Task details
Beginning with the line of the entries below that holds "Jurkovičova křížová cesta" and ending with the line that holds "Sl. 124. Kip", transcribe each line exactly as written. Pictures stay out.

Material provided below:

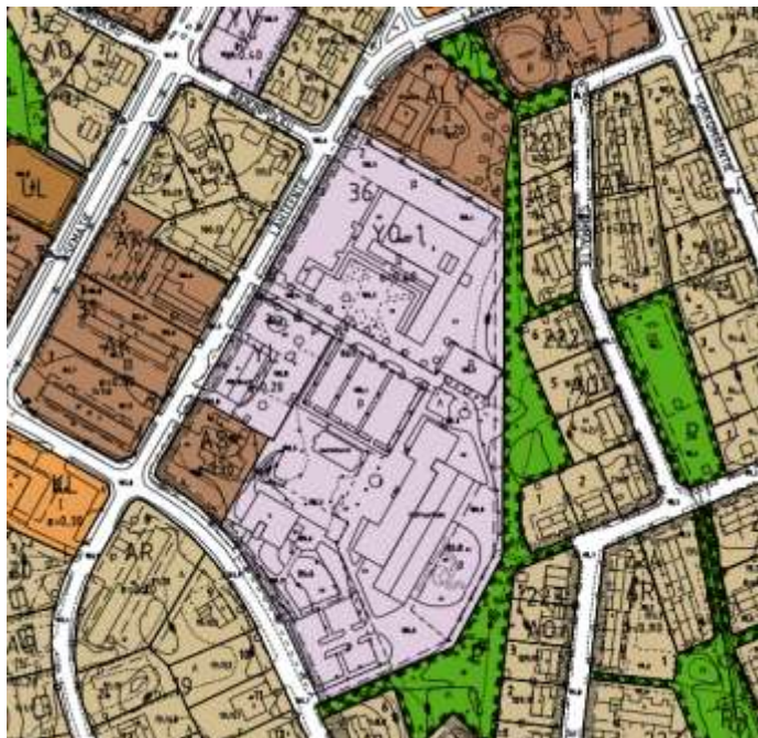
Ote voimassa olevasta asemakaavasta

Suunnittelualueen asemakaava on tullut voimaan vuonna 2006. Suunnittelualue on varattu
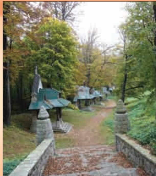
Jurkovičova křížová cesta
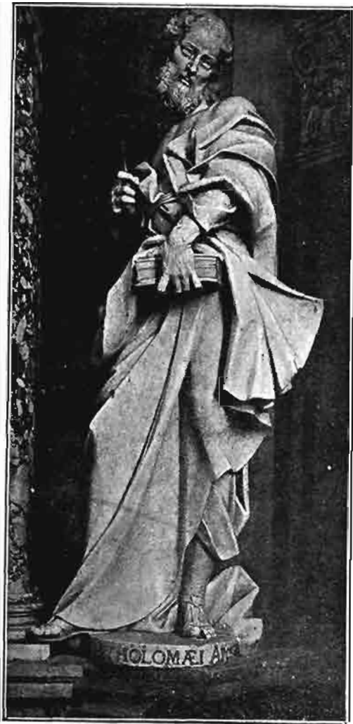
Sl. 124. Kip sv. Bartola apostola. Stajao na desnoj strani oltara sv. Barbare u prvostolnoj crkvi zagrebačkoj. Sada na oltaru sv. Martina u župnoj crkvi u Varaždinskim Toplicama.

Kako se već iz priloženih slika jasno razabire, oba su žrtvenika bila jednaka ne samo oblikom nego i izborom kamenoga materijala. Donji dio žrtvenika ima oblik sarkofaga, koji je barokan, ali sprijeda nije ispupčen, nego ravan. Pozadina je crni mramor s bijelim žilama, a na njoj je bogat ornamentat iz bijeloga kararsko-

End of Material provided.

Result of the exercise
Jurkovičova křížová cesta
Sl. 124. Kip sv. Bartola apostola. Stajao na desnoj strani oltara sv. Barbare u prvostolnoj crkvi zagrebačkoj. Sada na oltaru sv. Martina u župnoj crkvi u Varaždinskim Toplicama.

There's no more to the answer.